ÖLÜMLE YAŞAMI AYIRAN ÇİZGİ SİYAHLA BEYAZI AYIRAMAZ Kİ

ÖLÜMLE YAŞAMI AYIRAN ÇİZGİ SİYAHLA BEYAZI AYIRAMAZ Kİ
Adına ırkçılık deniyor bu hastalığın.Türü çok. Coğrafyası geniş. Yayılma hızı endişe verici. Her alanda kendini gösteriyor.Spordaki ırkçılığın ise adı tam konmuyor.Peşin söyleyelim, spordaki ırkçılığın adı...

Adına ırkçılık deniyor bu hastalığın.
Türü çok. Coğrafyası geniş. Yayılma hızı endişe verici. Her alanda kendini gösteriyor.
Spordaki ırkçılığın ise adı tam konmuyor.
Peşin söyleyelim, spordaki ırkçılığın adı siyah düşmanlığıdır. Bir daha söyleyeyim SİYAH düşmanlığıdır. Net olarak budur. Beyazların siyahları kabul edememesi, kendinden görmemesidir tedavi edilemeyen bu hastalık.
Sahaya muz, fındık atmak, maymun taklidi yapmak bu hastalığa yakalanmışların çırpınışlarıdır. Siyahlardan, hele de Afrikalı siyahlardan kendilerini üstün görme edepsizliğidir. Latin bir siyahın başına nadir gelir. Bu hastalığın pençesine düşenler genellikle Afrikalı siyahları hedef alır. Çünkü zihinlerinden yok edemedikleri faşizmin gücünü onlara sınamak kolaydır ve bu ne kadar korkak olduklarının resmidir.
Beyazların kendilerini üstün görmesinin tarihsel geçmişi var. İnsanlığın utanç tarihinde en çok yer tutan kölelik adı verilmiş aşağılık bir düzen var. “Zenci” demek var bu aşağılıklığın için de “Negro” demek var.
Hatta siyahi demek bile ucundan bir ötekileştirme değil mi? Siyaha mı yakın, siyah, beyazi var mı, beyaz!
Ben “Siyah” diyeceğim, ille denmesi gerekiyorsa.
Yarıda kalan Paris Saint Germain maçının 4. Hakemi Sebastian Coltescu’nun, Başakşehir Kulübü’nün yardımcısı hocası Pierre Webo’ya yaptığı ırkçı yaklaşım ile yine gündemimize getirdi bu müptezel hastalığı.
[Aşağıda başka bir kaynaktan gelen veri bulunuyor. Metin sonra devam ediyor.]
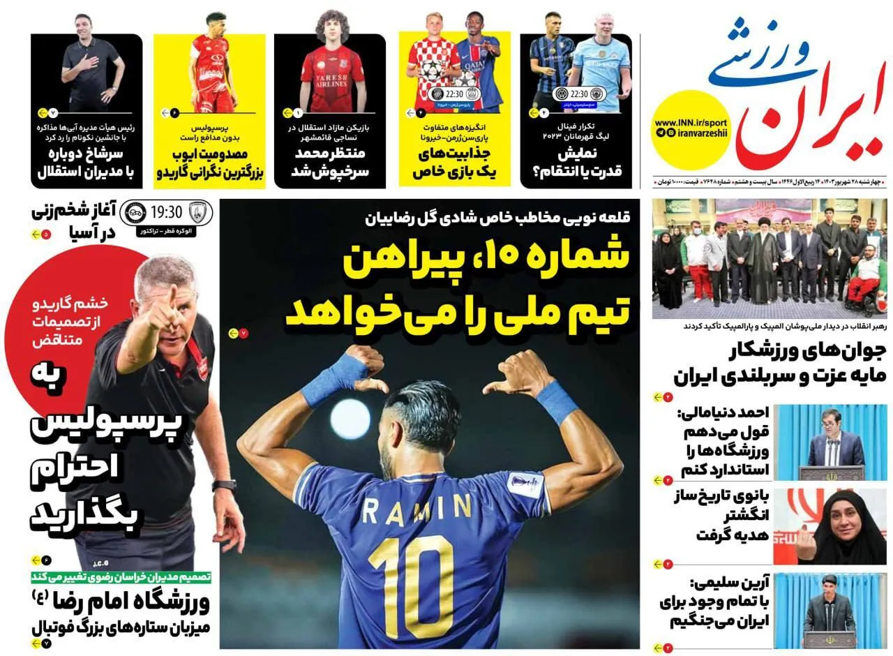 روزنامههای ورزشی چهارشنبه ۲۸ شهریور ۱۴۰۳

Geçmişte sporda yaşanan ırkçı olayları sıralamayacağım. Size iki ilham veren olay anlatacağım bu yazıda. Belki bu yaşanmış iki olaydan bir ders çıkarılır.
DOMATES YAĞMURUNA TUTULAN MANDELA AYNI STATTA NASIL AYAKTA ALKIŞLANDI?
İlk hikayenin kahramanı ırkçı Apartheid rejimine karşı dünyanın en kararlı mücadelesini veren Nelson Mandela, nam-ı diğer Madiba’nın hikayesi.
27 yıl hapis yattı. 11 Şubat 1990’da dönemin beyaz Cumhurbaşkanı Frederik Willem de Klerk’in kararıyla tahliye edildi.
Zaten Afrika Ulusal Kongresi’nin değişmez lideriydi. Ülkenin yüzde 90’ı siyahlardan oluşuyordu, ancak o topraklar yıllardır yüzde 10’luk beyazlar tarafından yönetiliyordu. 1994 yılında ülkede yapılan ilk çok ırklı seçimlerde yüzde 62 oy alarak devlet başkanı seçildi.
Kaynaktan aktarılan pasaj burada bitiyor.